Sunday, July 10, 2022
Over that past 70 years the Shouldice Hospital in Thornhill has performed over 400,000 hernia operations. The hospital is located in a beautiful estate setting, for now. The property is currently the site of a five-tower development proposal that will retain the historic buildings but allow the countryside around them to be lost.

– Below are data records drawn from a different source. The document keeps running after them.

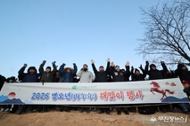 무주군민들은 지난 1일 무주읍 향로산 제1전망대에서 개최된 ‘2026 병오년 해맞이’ 행사를 통해 서로의 건강과 지역의 번영을 기원했다. 무주읍발전협의회(회장 김성용)가 주관한 이날 행사에는 황인홍 무주군수와 오광석 무주군의회 의장을 비롯한 관내 기관·사회단체를 비롯한 주민 등 3백여 명이 참석해 의미를 더했다. 참석자들은 새해 덕담을 나누며 ‘만세삼창’ 외쳐 좋은 기운을 돋웠다. 황인홍 무주군수는 “기운찬 붉은 말의 해가 밝았다”라며 “올해는 당찬 도전과 알찬 성취로 군민 여러분이 빛나는 만큼 자연특별시 무주도 함께 빛나기를 바란다”라고 전했다.
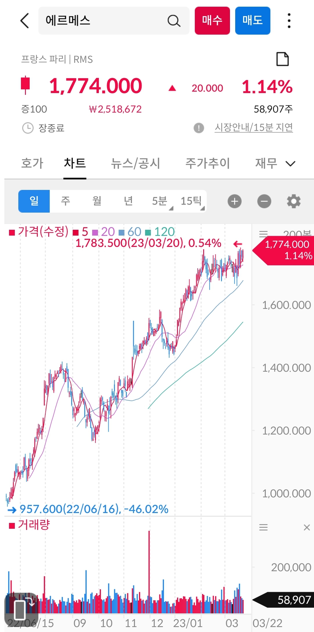 2023년 3월 23일 기준 에르메스 차트 쭉쭉 잘 오르고 있습니다.
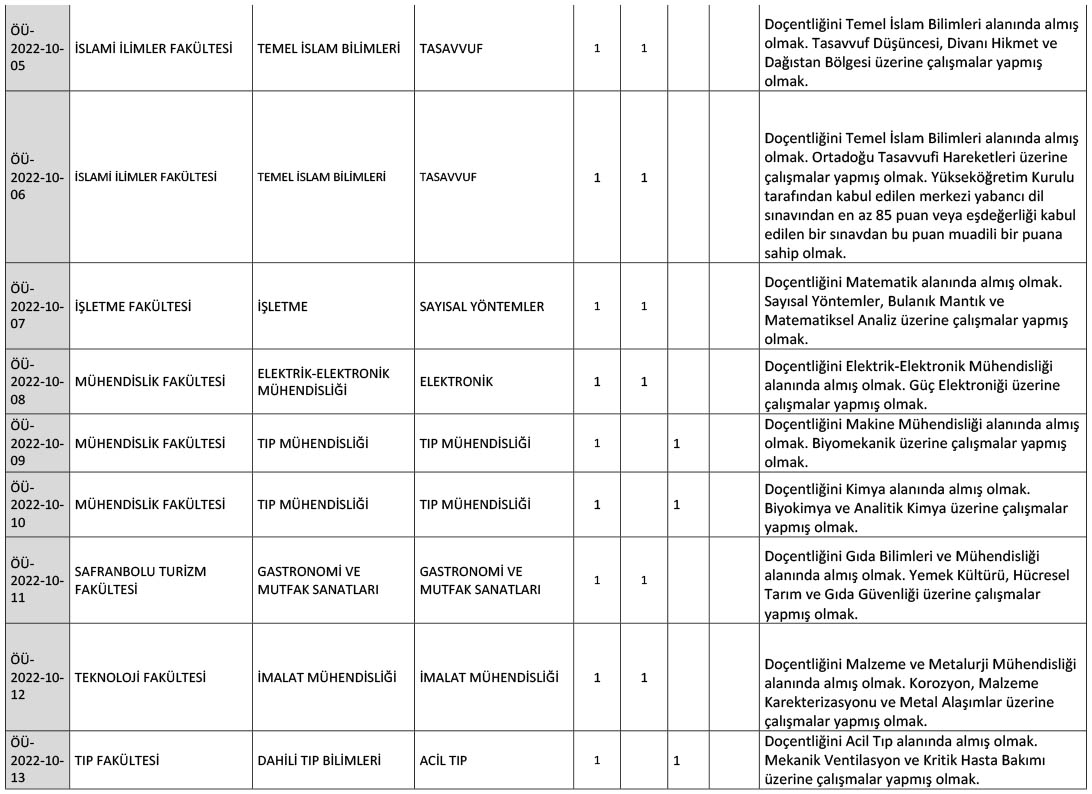 Üniversitemizin aşağıda belirtilen birimlerine, 2547 sayılı Yükseköğretim Kanunu'nun ve Öğretim Üyeliğine Yükseltilme ve Atanma Yönetmeliği'nin ilgili maddeleri, Yükseköğretim Kurulu Başkanlığının web sayfasında yayımlanarak yürürlüğe giren “T.C. Karabük Üniversitesi Öğretim Üyeliğine Yükseltilme ve Atanma Esasları” ile 657 sayılı Devlet Memurları Kanunu’nun 48. maddesinde belirtilen şartları sağlamış olmak koşulu ile öğretim üyesi alınacaktır.
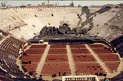 Dance and classic concert performances have also been given in the Arena. Classical ballets and traditional dances from all over the world have been seen. In 1976, Maurice Béjart brought the Ballet du XXe Siècle from the La Monnaie opera house in Brussels and choreographed Beethoven's 9th symphony. This première was interrupted by rain, but the performance continued to a cassette tape of the music and without the orchestra.
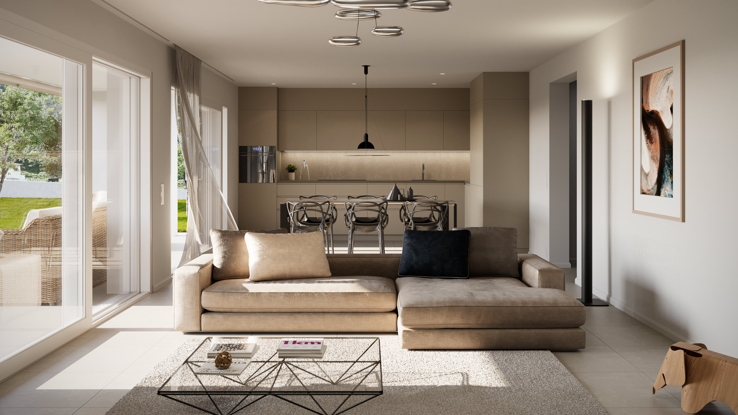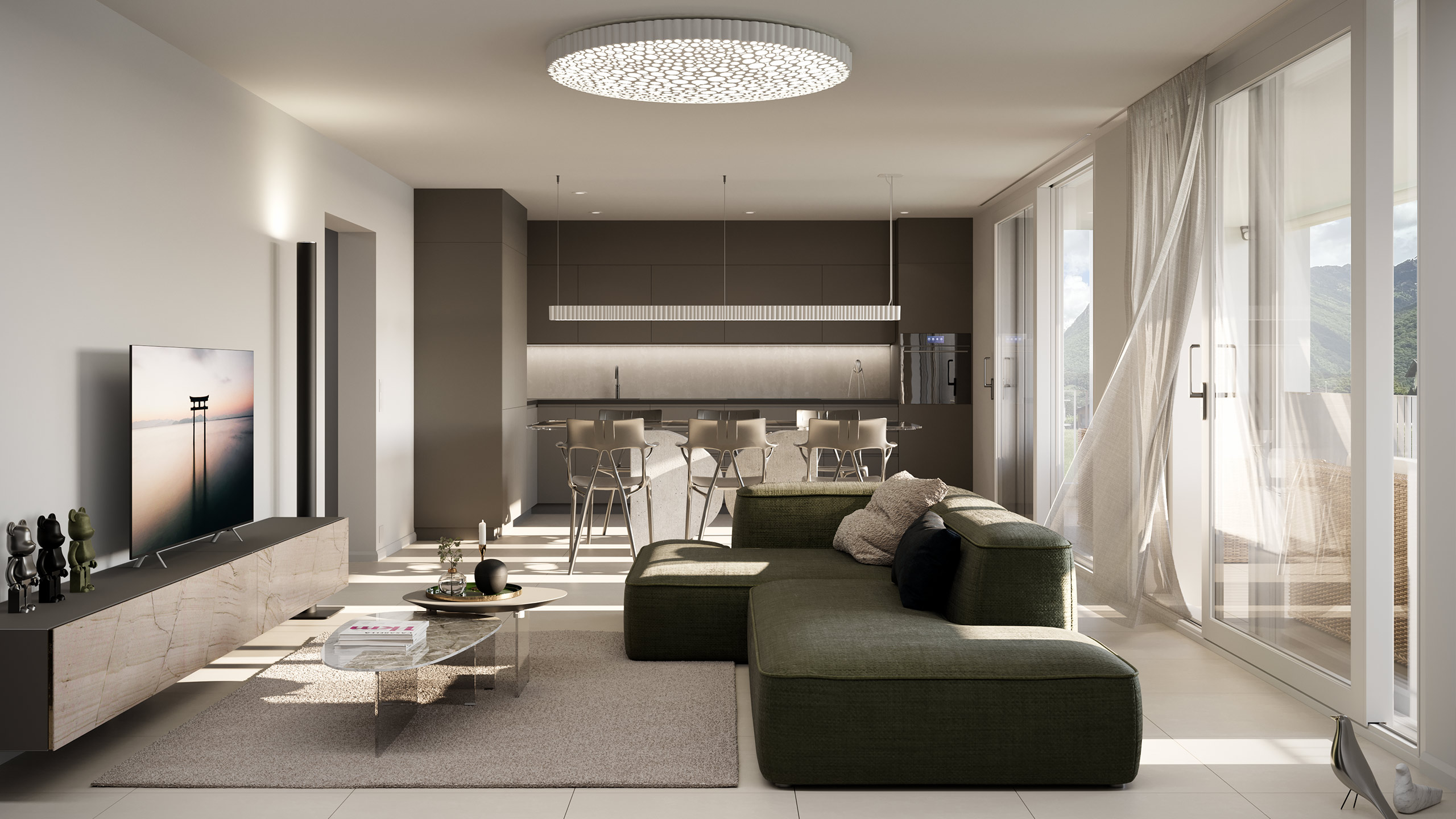 Camere da letto spaziose, soggiorni aperti e luminosi, doppi servizi per gli appartamenti di 3.5 e 4.5 locali, spazioso atrio entrata con armadi, garantiscono confort e benessere. Non da ultimo, un locale lavanderia privato completo di colonna lava-asciuga e lavello.
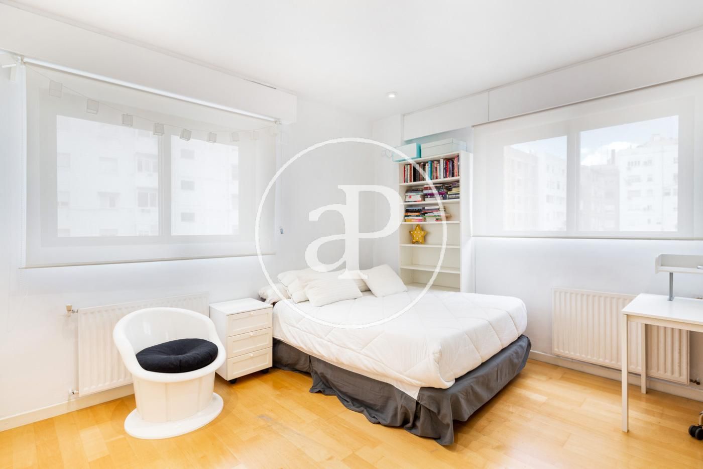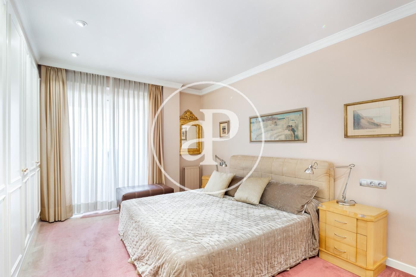 La propiedad se caracteriza por su amplitud y comodidad en todas sus estancias. Consta de cuatro habitaciones, tres de ellas muy amplias y dobles, una de ellas en suite y todas con armarios empotrados. También dispone de tres baños completos con materiales de primera calidad. El suelo es de parqué de madera en toda la vivienda.
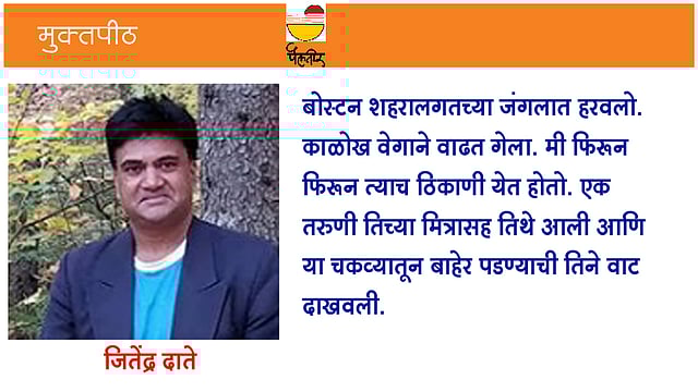 हार्वर्ड युनिव्हर्सिटीच्या कांही प्राध्यापकांशी संपर्क साधून एक भाषांतर आणि फोनेटिक टेक्नॉलॉजी घडवण्याच्या हेतूने मी बोस्टनला रवाना झालो. बोस्टन अतिशय प्रेक्षणीय आहे. तिथे ॲक्टन टाउन या निसर्गरम्य ठिकाणी आमचे स्नेही सुहास व नीलिमा कासार यांच्याकडे मुक्कामास होतो. पुण्यातील पर्वती टेकडी चढण्या- उतरण्याची गेले अनेक वर्षांची सवय होती. मला रोज किमान आठ-दहा किलोमीटर चालण्याचे अंगवळणी पडलेले. त्यातून इतका सुंदर परिसर असल्याने पदभ्रमंतीची संधी मी घेत होतो. त्यादिवशीही मी घराजवळच्याच रमणीय कालव्याभोवती फिरून त्याला लागूनच असलेल्या टाउन फॉरेस्टमध्ये, जंगलात चालण्याचे ठरविले. पाश्चात्य देशांमध्ये कालवा व नदीस ‘लेक’ म्हणतात. घरापासूनच अवघ्या एक किलोमीटर अंतरावर हे ठिकाण. निघायला थोडा उशीरच झाला होता. लेकपर्यंत पोचलो तेव्हा इतर मंडळी परतत होती. लेकच्याभोवती एक प्रदक्षिणा घालून मग जंगलात जाण्याचा निर्णय घेतला. लेकचे फोटो काढत, सेल्फी घेत अजून निम्मी प्रदक्षिणा पूर्ण झाली. संध्याकाळची वेळ होती. मी टाउन फॉरेस्टच्या दिशेनं चालायला लागलो. गगनचुंबी, सुंदर रंगीबेरंगी पानांनी नटलेली वृक्षवल्ली. हा पानझडीचा मौसम खूप प्रेक्षणीय असतो. मी जंगलात चालण्यासाठी खास बांधलेल्या ट्रेल रोडवरून चालत होतो. ट्रेल रोड सोडून जंगलात शिरलो. थोडेसे अंतर चालून गेल्यावर एक वयस्कर दांपत्य त्यांच्या कुत्र्याला फिरवत समोरून आले. त्यांना पाहून मला अजून चालण्याचा हुरूप आला. दुरूनच एक लांब शिंगांचे हरीण दिसले. सुसाट वेगाने नाहीसे झाले. पायाखालची पानझडीने भरलेली जमीन आता भूसभुशीत लागायला लागली होती. फार नाही, पण थोड्याशा उंच भागात मी येऊन पोचलो होतो. उंचावरून लेक आणि ॲक्टन टाउन साफ दिसत होते. उंचवट्याचे पठार आणि रंगलेले वृक्ष फार अंतरांवर नाहीत, हे लक्षात आल्यावर पठाराच्या माथ्यावर जाण्याचे ठरविले. तेव्हा बऱ्यापैकी उजेड होता. वर पोचल्यावर थोडी निराशा झाली. उंचवट्यापलीकडील खोऱ्यातली सुंदर फार्म हाऊसेस सोडल्यास काही नावीन्यपूर्ण पाहण्यासारखे नव्हते. मग परतीच्या मार्गाला लागलो. उंच झाडांमधून त्यांच्या बुंध्यांचा एक विशिष्ट वास येतो. बहुतेक पानझडीमुळे असेल. उतारावर लागल्यावर सगळे मार्ग एकसारखे वाटायला लागले. थोडे गोंधळल्यासारखे झाले.
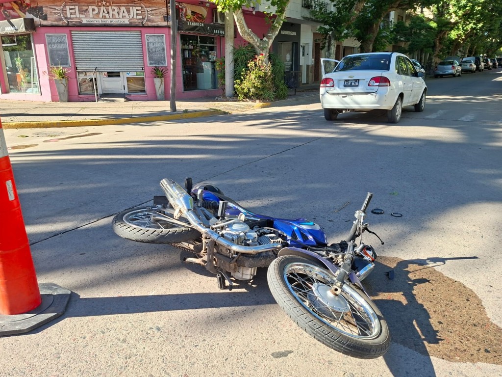 Sucedió un impacto entre un vehículo y una moto, el vehículo conducido por un masculino, es un Chevrolet patente KLR-610, color blanco, que circulaba por Arenales, mano a la Comisaría.
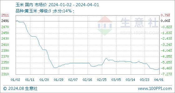 4月1日,生意社玉米基准价为2327.14元/吨,与上月初(2358.57元/吨)相比,下降了-1.33%。
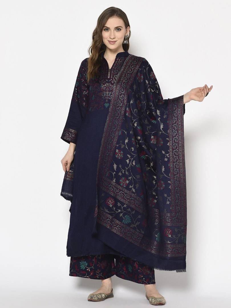 This pretty piece is a fairy tale that begins to unfold as you reveal your beauty in it. Look ethnic in this dress material. This acro wool woven suit is beautifully adorned with woven work comes along with acro wool bottom and dupatta, making it appear more adorning. Women can buy this suit to wear for their upcoming festivals, homely functions, parties, kitties, weekends get together. Get this unstitched suit stitched according to your fit and comfort. Team it with stylish accessories to make your looks more beautiful. Note:- The actual product may differ slightly in color and design from the one illustrated in the images when compared with a computer or mobile screen.

The history of the site goes back to the earliest days of Thornhill and is located on part of lots 30 and 31 in the first concession east of Yonge Street. The full 190 acre lot was first granted to Thompson Maxwell in 1803 but it appears he failed to complete his settlement requirements and forfeited the land grant. Stillwell Wilson was able to secure the patent on the property in 1808. In the 1790’s William Berczy had built John Street through the property from Yonge Street to gain access to his settlement of German Mills. The County Atlas image below shows the area in 1877 and John Street is coloured brown. The site of the Shouldice Hospital has been outlined in green. Lot 32 to the north is the site of Heintzman House which we featured last week.
The east half of the property was bought by Allan McNab in 1817 so that he could build the grist mill that is shown on the County Atlas as “G.M.”. McNab is best known for building Dundurn Castle in Hamilton. The grist mill was completed in 1820 and McNab operated it until 1844 but the town he envisioned never developed around it. He decided to sell the property to John Brunskill in 1844 and it was renamed Pomona Mills. This is now commemorated by Pomona Mills Park. Matthew Dean bought 91 acres on the east end of the lot, north of John Street and it served as a family farm until 1937 when it was bought by Clement George McCullagh who wanted to use the property to build a country estate. The picture below shows the oval driveway and stone gates that were constructed for the estate.
Clement made his money in the press and in mining. He started his career selling subscriptions to The Toronto Globe newspaper and then branched into mining operations. In 1936 he bought The Toronto Globe and the Mail & Empire and merged the two papers into the Globe and Mail. He was also a part owner of the Toronto Maple Leafs. During the Great Depression he advocated for an all-party federal government to run the country based on sound business principles. The picture below shows the front of the estate mansion that he had built for himself, his wife Phyllis C. Laidlaw and their three children Robert, George and Ann.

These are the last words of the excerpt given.